Historic house in New York, United States

The Oliver Brewster House is a Gothic Revival home located on Willow Avenue in Cornwall, New York, United States, right across from Willow Avenue Elementary School. It was originally built as a farmhouse in the mid-19th century. Later, as Cornwall became a popular summer resort for visitors from New York City, it was expanded and renovated for use as a boardinghouse as well.

==Property==

The house sits on a four-acre "flag lot", with trees and shrubs, so called for its deeper setback from neighboring houses on the street and narrower access between them. There are seven buildings and structures on the property, six of which are considered contributing resources to the National Register listing.

The main building is two stories high, five bays wide and sided in narrow clapboard. It has two-one-story wings, three bays on the northwest and two on the southeast.
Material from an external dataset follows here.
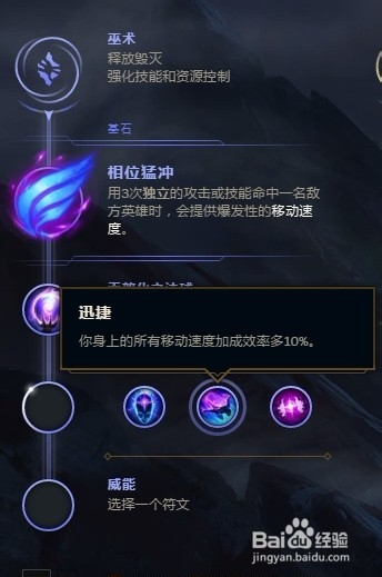在三个卓越里,选择“迅捷”。对所有移速结果供给加当作,提高赵信跑图能力。

The gable-fronted roof, pierced by a brick chimney on the northwest, has overhanging eaves with exposed rafters. A molded cornice also marks all the house's rooflines. The exposed basement is made of stone.

A flat-roofed raised wooden porch with bracketed cornice supported by elaborate lattice-style columns runs the length of the first story on the front (southwest) facade, across the main block and both wings. A similar porch on the northeast (rear) has been enclosed with glass.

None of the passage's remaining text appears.